• [Data excerpts]
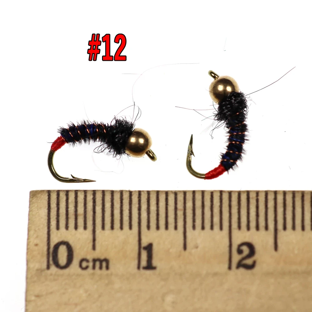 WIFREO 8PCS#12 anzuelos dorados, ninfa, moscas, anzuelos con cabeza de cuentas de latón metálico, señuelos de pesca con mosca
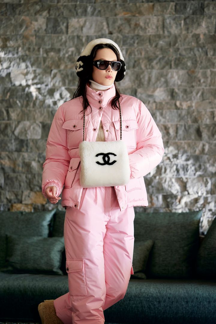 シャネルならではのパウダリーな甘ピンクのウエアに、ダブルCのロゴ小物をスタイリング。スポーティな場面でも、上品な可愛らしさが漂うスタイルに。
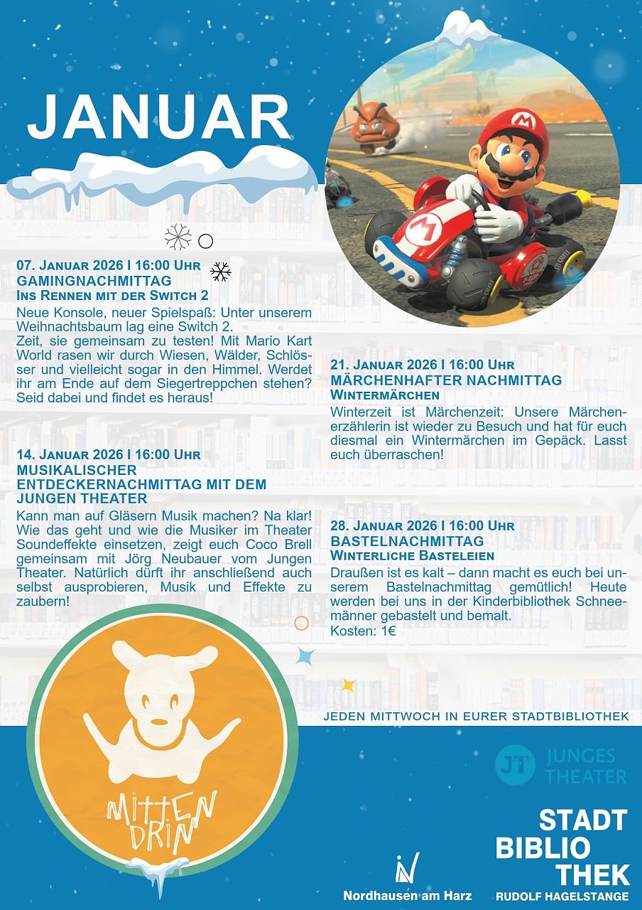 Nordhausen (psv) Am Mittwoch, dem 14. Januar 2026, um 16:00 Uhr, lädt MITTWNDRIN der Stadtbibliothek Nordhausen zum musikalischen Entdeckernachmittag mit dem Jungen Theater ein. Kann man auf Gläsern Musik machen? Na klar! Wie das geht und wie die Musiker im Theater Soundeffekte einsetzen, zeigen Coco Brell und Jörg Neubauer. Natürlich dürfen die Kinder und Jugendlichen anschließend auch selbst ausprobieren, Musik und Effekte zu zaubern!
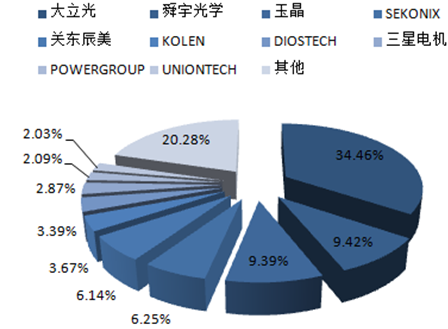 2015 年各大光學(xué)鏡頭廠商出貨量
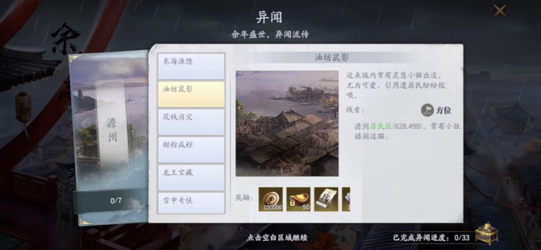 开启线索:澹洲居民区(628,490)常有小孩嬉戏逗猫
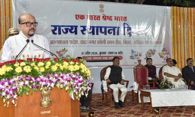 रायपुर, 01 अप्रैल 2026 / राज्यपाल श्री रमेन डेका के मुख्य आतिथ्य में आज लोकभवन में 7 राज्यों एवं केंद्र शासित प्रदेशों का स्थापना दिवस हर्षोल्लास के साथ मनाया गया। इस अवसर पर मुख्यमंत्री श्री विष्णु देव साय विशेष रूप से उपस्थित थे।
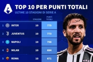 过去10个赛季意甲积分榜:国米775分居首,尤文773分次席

• [ABOUT THIS TASK] From the first line to the last, set down the records above exactly and skip the pictures.

• [EXERCISE OUTPUT]
 WIFREO 8PCS#12 anzuelos dorados, ninfa, moscas, anzuelos con cabeza de cuentas de latón metálico, señuelos de pesca con mosca
 シャネルならではのパウダリーな甘ピンクのウエアに、ダブルCのロゴ小物をスタイリング。スポーティな場面でも、上品な可愛らしさが漂うスタイルに。
 Nordhausen (psv) Am Mittwoch, dem 14. Januar 2026, um 16:00 Uhr, lädt MITTWNDRIN der Stadtbibliothek Nordhausen zum musikalischen Entdeckernachmittag mit dem Jungen Theater ein. Kann man auf Gläsern Musik machen? Na klar! Wie das geht und wie die Musiker im Theater Soundeffekte einsetzen, zeigen Coco Brell und Jörg Neubauer. Natürlich dürfen die Kinder und Jugendlichen anschließend auch selbst ausprobieren, Musik und Effekte zu zaubern!
 2015 年各大光學(xué)鏡頭廠商出貨量
 开启线索:澹洲居民区(628,490)常有小孩嬉戏逗猫
 रायपुर, 01 अप्रैल 2026 / राज्यपाल श्री रमेन डेका के मुख्य आतिथ्य में आज लोकभवन में 7 राज्यों एवं केंद्र शासित प्रदेशों का स्थापना दिवस हर्षोल्लास के साथ मनाया गया। इस अवसर पर मुख्यमंत्री श्री विष्णु देव साय विशेष रूप से उपस्थित थे।
 过去10个赛季意甲积分榜:国米775分居首,尤文773分次席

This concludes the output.